Content starts

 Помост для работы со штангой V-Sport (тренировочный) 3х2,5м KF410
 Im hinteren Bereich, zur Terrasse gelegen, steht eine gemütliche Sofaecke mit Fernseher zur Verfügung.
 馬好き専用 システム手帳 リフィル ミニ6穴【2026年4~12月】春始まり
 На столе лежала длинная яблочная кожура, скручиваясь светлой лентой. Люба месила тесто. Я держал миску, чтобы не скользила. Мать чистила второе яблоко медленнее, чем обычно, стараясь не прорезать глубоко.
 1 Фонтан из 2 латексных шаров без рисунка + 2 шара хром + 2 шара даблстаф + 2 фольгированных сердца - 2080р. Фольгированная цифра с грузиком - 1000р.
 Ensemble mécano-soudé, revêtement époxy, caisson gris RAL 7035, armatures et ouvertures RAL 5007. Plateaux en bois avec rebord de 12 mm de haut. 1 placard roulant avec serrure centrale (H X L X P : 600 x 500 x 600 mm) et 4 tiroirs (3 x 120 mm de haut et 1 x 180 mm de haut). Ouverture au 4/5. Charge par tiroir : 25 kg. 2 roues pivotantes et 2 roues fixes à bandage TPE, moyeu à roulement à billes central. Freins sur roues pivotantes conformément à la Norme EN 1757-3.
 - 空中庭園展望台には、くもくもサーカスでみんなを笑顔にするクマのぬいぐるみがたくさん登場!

Content ends
Content starts

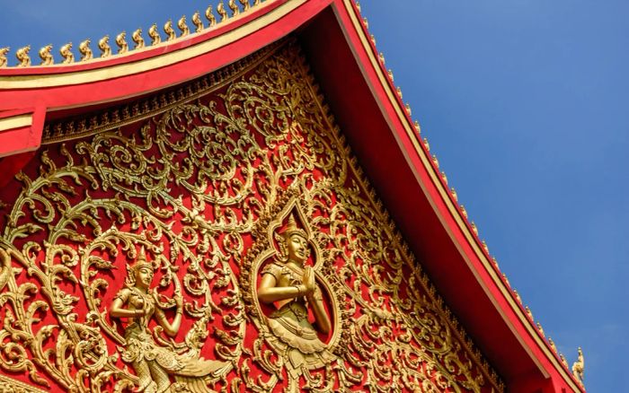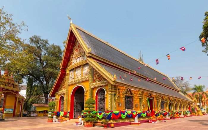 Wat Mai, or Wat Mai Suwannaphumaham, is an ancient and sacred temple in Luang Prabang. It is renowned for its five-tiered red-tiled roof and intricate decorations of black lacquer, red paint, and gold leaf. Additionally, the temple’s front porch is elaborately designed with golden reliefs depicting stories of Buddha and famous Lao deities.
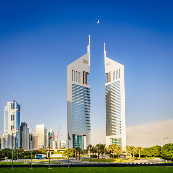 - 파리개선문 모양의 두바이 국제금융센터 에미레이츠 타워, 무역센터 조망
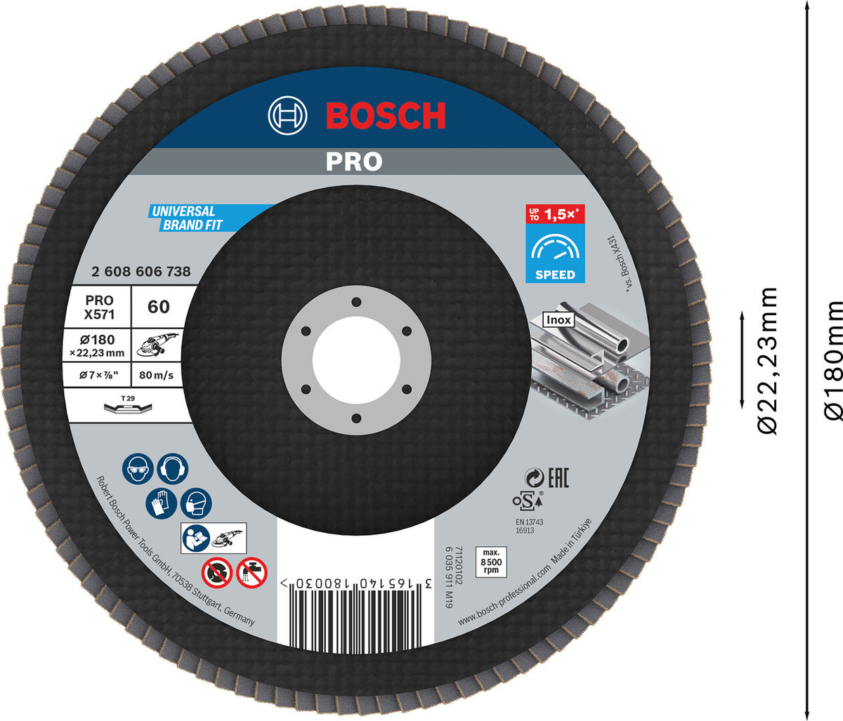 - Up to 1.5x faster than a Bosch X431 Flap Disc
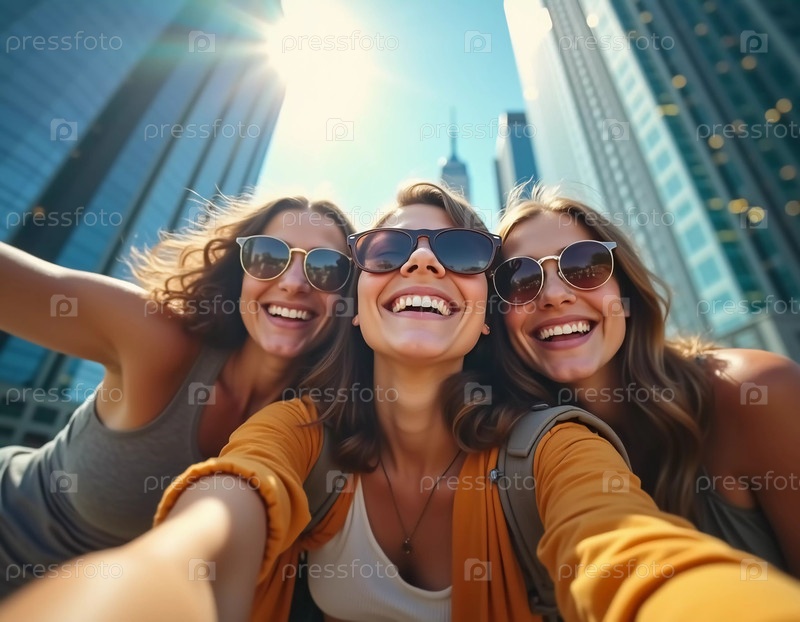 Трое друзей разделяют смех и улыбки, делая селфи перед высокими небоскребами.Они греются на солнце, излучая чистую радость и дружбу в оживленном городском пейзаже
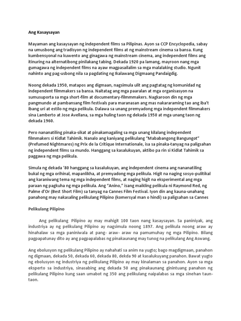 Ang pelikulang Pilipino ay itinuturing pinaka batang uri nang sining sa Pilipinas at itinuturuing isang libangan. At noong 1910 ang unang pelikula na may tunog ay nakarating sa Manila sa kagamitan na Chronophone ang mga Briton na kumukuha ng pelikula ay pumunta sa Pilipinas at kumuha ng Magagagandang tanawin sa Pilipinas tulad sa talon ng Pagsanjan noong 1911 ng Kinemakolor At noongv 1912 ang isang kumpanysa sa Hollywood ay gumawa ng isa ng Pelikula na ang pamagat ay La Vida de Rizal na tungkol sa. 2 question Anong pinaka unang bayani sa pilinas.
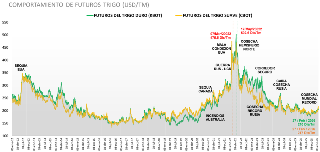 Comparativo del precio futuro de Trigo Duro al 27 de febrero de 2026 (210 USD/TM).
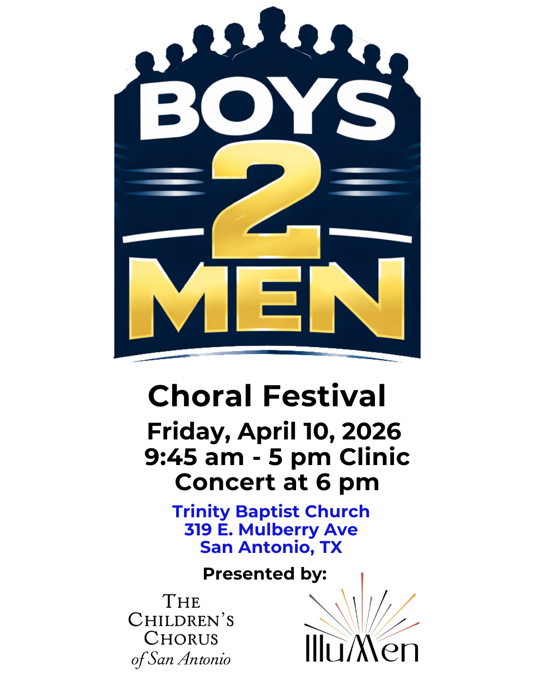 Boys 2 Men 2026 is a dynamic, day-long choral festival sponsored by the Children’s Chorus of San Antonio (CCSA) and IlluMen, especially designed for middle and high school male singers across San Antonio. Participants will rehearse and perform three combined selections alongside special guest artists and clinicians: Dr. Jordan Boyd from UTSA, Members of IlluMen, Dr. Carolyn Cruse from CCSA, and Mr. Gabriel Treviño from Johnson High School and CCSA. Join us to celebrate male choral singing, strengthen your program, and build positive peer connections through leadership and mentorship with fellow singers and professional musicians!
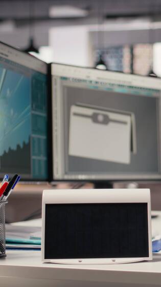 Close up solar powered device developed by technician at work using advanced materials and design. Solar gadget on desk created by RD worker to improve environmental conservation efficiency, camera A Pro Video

Content ends

Look through the data above and return exactly the lines from the one that contains "Помост для работы" to the one that contains "- 空中庭園展望台には、くも", inclusive, with nothing else.

 Помост для работы со штангой V-Sport (тренировочный) 3х2,5м KF410
 Im hinteren Bereich, zur Terrasse gelegen, steht eine gemütliche Sofaecke mit Fernseher zur Verfügung.
 馬好き専用 システム手帳 リフィル ミニ6穴【2026年4~12月】春始まり
 На столе лежала длинная яблочная кожура, скручиваясь светлой лентой. Люба месила тесто. Я держал миску, чтобы не скользила. Мать чистила второе яблоко медленнее, чем обычно, стараясь не прорезать глубоко.
 1 Фонтан из 2 латексных шаров без рисунка + 2 шара хром + 2 шара даблстаф + 2 фольгированных сердца - 2080р. Фольгированная цифра с грузиком - 1000р.
 Ensemble mécano-soudé, revêtement époxy, caisson gris RAL 7035, armatures et ouvertures RAL 5007. Plateaux en bois avec rebord de 12 mm de haut. 1 placard roulant avec serrure centrale (H X L X P : 600 x 500 x 600 mm) et 4 tiroirs (3 x 120 mm de haut et 1 x 180 mm de haut). Ouverture au 4/5. Charge par tiroir : 25 kg. 2 roues pivotantes et 2 roues fixes à bandage TPE, moyeu à roulement à billes central. Freins sur roues pivotantes conformément à la Norme EN 1757-3.
 - 空中庭園展望台には、くもくもサーカスでみんなを笑顔にするクマのぬいぐるみがたくさん登場!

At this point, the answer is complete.